As luck would have it, I turned forty today. The traditional birthday question is, “what does it feel like to be forty?” The answer, of course, is that there is a certain sense of mortality that sets in. This is not because of an intellectual process, for example the end conclusion of a long introspection of the deeper questions of life.
Rather, things fall apart and one is constantly reminded in small and mundane ways that one is no longer on the upswing. For example, this morning I woke up and stumbled groggily into the kitchen. Seeking breakfast I reached into the refrigerator for the orange juice. I remembered that I had bought it just yesterday. And it was the kind with pulp. Some pulp, specifically. As you age, you get set in your ways. You no longer seek new things, but rather you seek to become more comfortable with what you have.

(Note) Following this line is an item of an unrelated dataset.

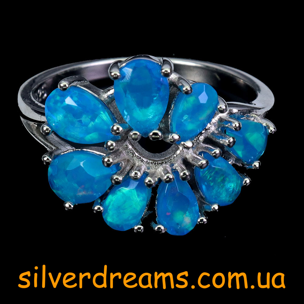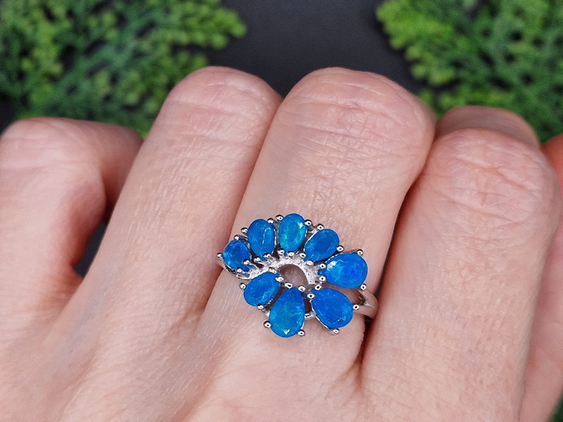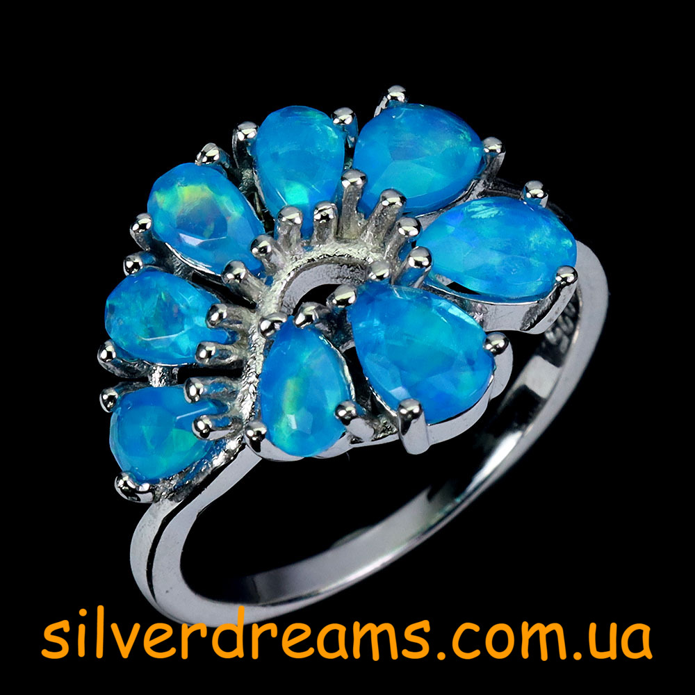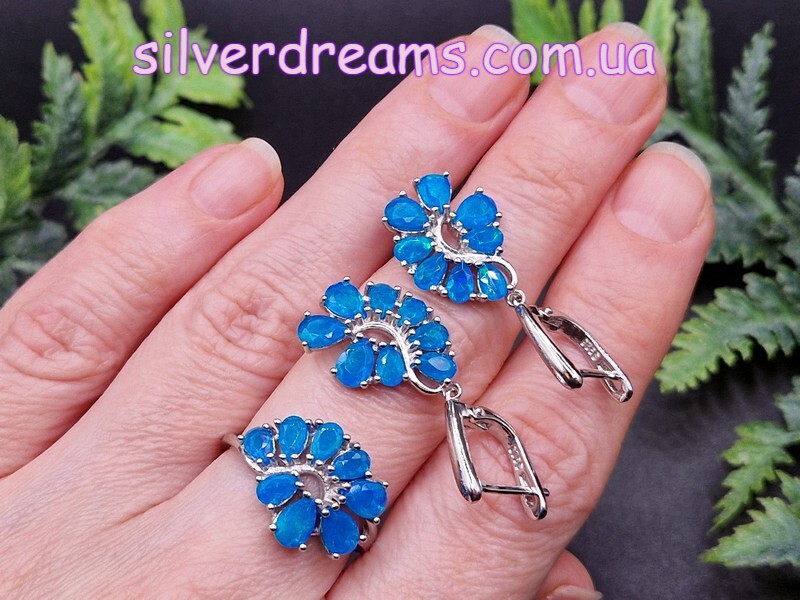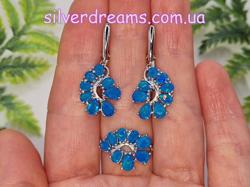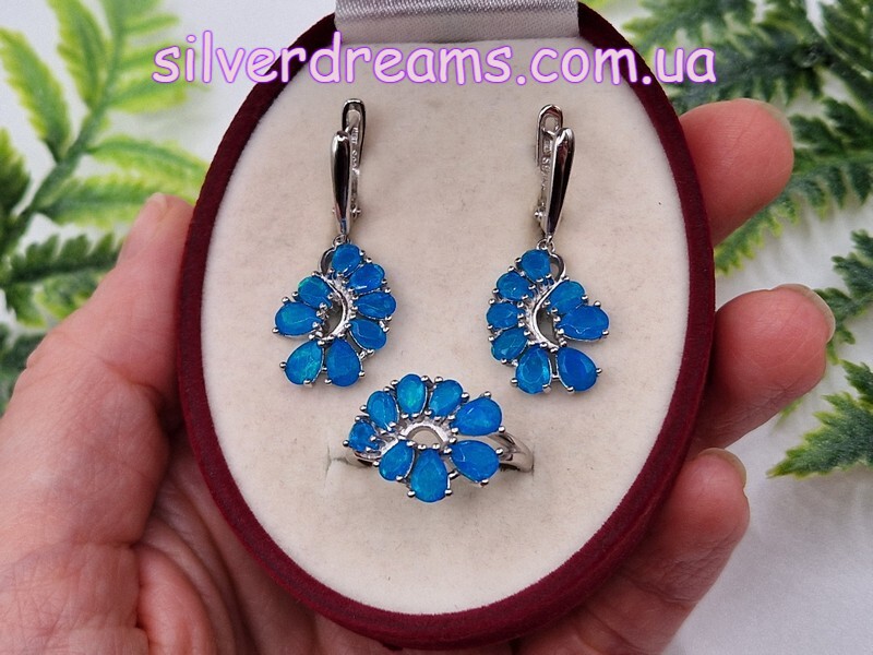 Изумительный мерцающий комплект-двойка (серьги + кольцо) из серебра 925 пробы, покрытого белым золотом, с натуральными голубыми опалами.

Having achieved some success in life, you can begin to enjoy the physical things that make life easier. For example, my refrigerator is a double-door, stainless steel model. The juice is Tropicana, specifically the kind with “some pulp”. Not “pulp free” and not “lots of pulp”. I like “some pulp”, and it has become important in my life to get it. And to put it in my stainless steel, double-door refrigerator.
I gave the juice a vigorous shake. I was proud of myself. Even at forty I have the strength to shake a half gallon of orange juice single-handed. Long pumping motions of the arm. An abrupt, forceful reversal at each end of the stroke. Even in the fog of morning I remembered that the pulpy bits settle to the bottom, and that I don’t like this, and that I need to shake the box. Heck, I even remembered that I had bought orange juice the night before. Doing just fine, I was. That is, until orange juice sprayed all over the kitchen. Only when I looked down at the box did I realize that it didn’t have the cap on.
Yes, it had been a vigorous shake. And as I surveyed the kitchen, the counter, the floor, the cabinets, the wall, and the whole left side of the refrigerator, I slowly remembered why there was no cap. The night before I had gone to the corner grocery store to buy it along with some other groceries. Somewhere along the way in putting the groceries away I opened the juice and poured a glass. When it came time to put things into the refrigerator I discovered that the orange juice cap was nowhere to be found. And of course, there came a time, because when you are forty your life has become an economy of optimized motions, and so everything that was headed for the refrigerator was headed in at the same time, in contrast to the frenetic motions of a 26-year-old moving first here and then there and then back again.
Where was it? I had no idea. What had I been doing just a minute ago? Surely I hadn’t bought a box of orange juice without a cap. I was baffled. I had no memory at all of uncapping the box, of setting the cap down somewhere, or of anything related to the cap. Well, I put that bothersome thought out of my mind. This would be no problem. I would simply have to remember that the box of orange juice had no cap.